I remember learning XML and XSLT from library books in the late 90’s and found it interesting, but couldn’t find a use for it - I wasn’t really handling data in any meaningful way back then, it was all just hobby learning, but in the decades since I’ve touched XML _at all_ maybe three times? Once was a Salesforce integration I wish I could fully forget, the other times were client one-offs when they had a few things stored in XML that we needed to pipe into WordPress.


I found this talk really interesting at conj, argues that RDF and the semantic web may have finally found its niche.

https://youtu.be/OxzUjpihIH4?si=DRSp1n9u56iGbZFZ


> I believe we should be "pushing" context to the models rather than giving them directions on how to "pull" the context themselves.

I believe MCP "Resources"[0] are what you're looking for.

[0]: https://modelcontextprotocol.io/docs/concepts/resources#reso...


> I believe we should be "pushing" context to the models rather than giving them directions on how to "pull" the context themselves.

Models have very very very limited capacity for context, it's one of their primary bottlenecks, therefore it's important to optimize (minimize) that information as much as possible, allowing the model to pull what it decides it needs makes that constraint much easier to satisfy.


>what it decides it needs

This is what I am suggesting: relying on the model to decide what it needs is maybe not the best use of the available context. It might be better for us to give it the information we are certain it will need.


I'm talking about situations where the user wants to ask questions about data that's many orders of magnitude larger than what can be included in any LLM request context. I just provide access to the data (via MCP server, RAG server, whatever) and my question/prompt, it's the LLM's responsibility to do everything else.


I think the main reason that "Semantic Web" has failed is that basically no one can even explain what the "Semantic Web" is or what it's good for. It's all just a bunch of generic sounding buzzwords about exchanging data in some way.

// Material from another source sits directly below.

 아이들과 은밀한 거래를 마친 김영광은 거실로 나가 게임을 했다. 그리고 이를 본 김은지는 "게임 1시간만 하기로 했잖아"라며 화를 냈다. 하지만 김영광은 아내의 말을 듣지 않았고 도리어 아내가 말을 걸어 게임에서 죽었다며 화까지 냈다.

Is it that hard? Instead of just providing data, you provide data plus "semantic tags" that make the data machine-indexable. It was ultimately meant to solve the same sort of "fuzzy-search" problem that we today can use LLMs for: "find me a website which sells home goods" could be addressed with tags that classify a page as a marketplace, and therein one which sells home goods. I think the real problem is that this requires a cohesive ontology, and if you've ever gotten really into tagging your notes/bookmarks/whatever you'll know how hard that can be.


Yes, most of the problem with the semantic web is that you end up with having to agree on how to describe the world: what are the concepts, and how they are related. This kind of work on semantic networks has been done for a while in computational linguistics for natural language processing, but it's very tedious. For instance users of the Minitel in France in the 80s could lookup vets by querying the yellow pages directory with sentences such as "my dog is sick". Nice tech, but not that useful and not very discoverable either.

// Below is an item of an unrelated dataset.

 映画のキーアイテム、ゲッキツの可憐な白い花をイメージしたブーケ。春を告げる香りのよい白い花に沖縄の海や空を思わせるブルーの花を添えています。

LLMs promise to just discover all these relations between concepts for you and do the right thing instead. Sometimes it works, sometimes not...

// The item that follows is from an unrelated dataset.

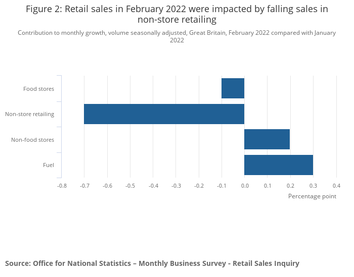 Figure 2: Retail sales in February 2022 were impacted by falling sales in non-store retailing

> Sometimes it works, sometimes not...

Sometimes it won't work because there just isn't agreement between humans on what the concept is. Semantic also fails there.


The Semantic Web has yet to fully fail. Most companies have implemented a closed world limited version of it internally. It has already been proposed as a solution to correct LLM outputs by many people.


>LLMs appear to work very well with structured text (XML

Plausible.

>Markdown

What? Markdown is specifically designed to be the least structured markup format possible, the absolute minimum set of features. Did you mean JSON or something?


Two years ago he would have written „pedantic white old Unix dudes“.


True, though "dudes who were never in danger of being gruntled" made it pretty clear who he was targeting.